How quickly the added value effect can evaporate when it all goes wrong. Just two months in the new house and a frantic call from my wife about water cascading from the hot water tank in the bathroom into my study below, gives the Barclays Helpline its first test. Frontline claims handling went well and the promised call from the outsourced emergency plumbing service came within the hour. This looks promising I thought. The engineer arrived and after an hour announced he had isolated the offending hot water tank but wasn’t qualified to finish repairing a pressurised system. Not good. Why didn’t anyone ask what type of system I had? Then things went downhill from there. A night without heating. A cold shower that nearly prompted a cardiac arrest. A long wait for engineer no. 2 to arrive next day to stay 5 minutes and conclude he needed to order a part. Then silence for hours followed by one of the rudest call centre agents who told me I’d have to wait another week for the part to be approved, ordered, delivered then installed.

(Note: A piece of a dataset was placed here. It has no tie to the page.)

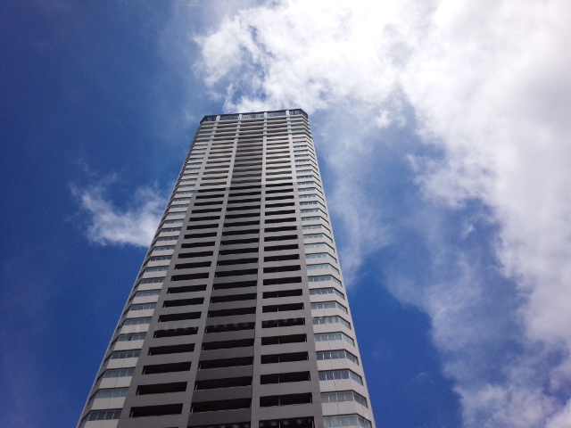 この写真は屋上庭園から隣の高層マンションを撮影しました。

My protesting of how was one to keep a young child and two adults warm and clean for a week without hot water, was met with ‘boil a kettle’. His reply made my blood boil.

 

Time to act. A couple of calls later and I traced the heating engineer who originally fitted the heating system for the previous owner. Half an hour later he was round and one hour later the hot water and heating were fully working again. I can’t say enough how pleased I was with Mr Terry Coles of Yaxley. I can easily express how disappointed I have been with my added value emergency cover from Barclays. Now I’m talking them down.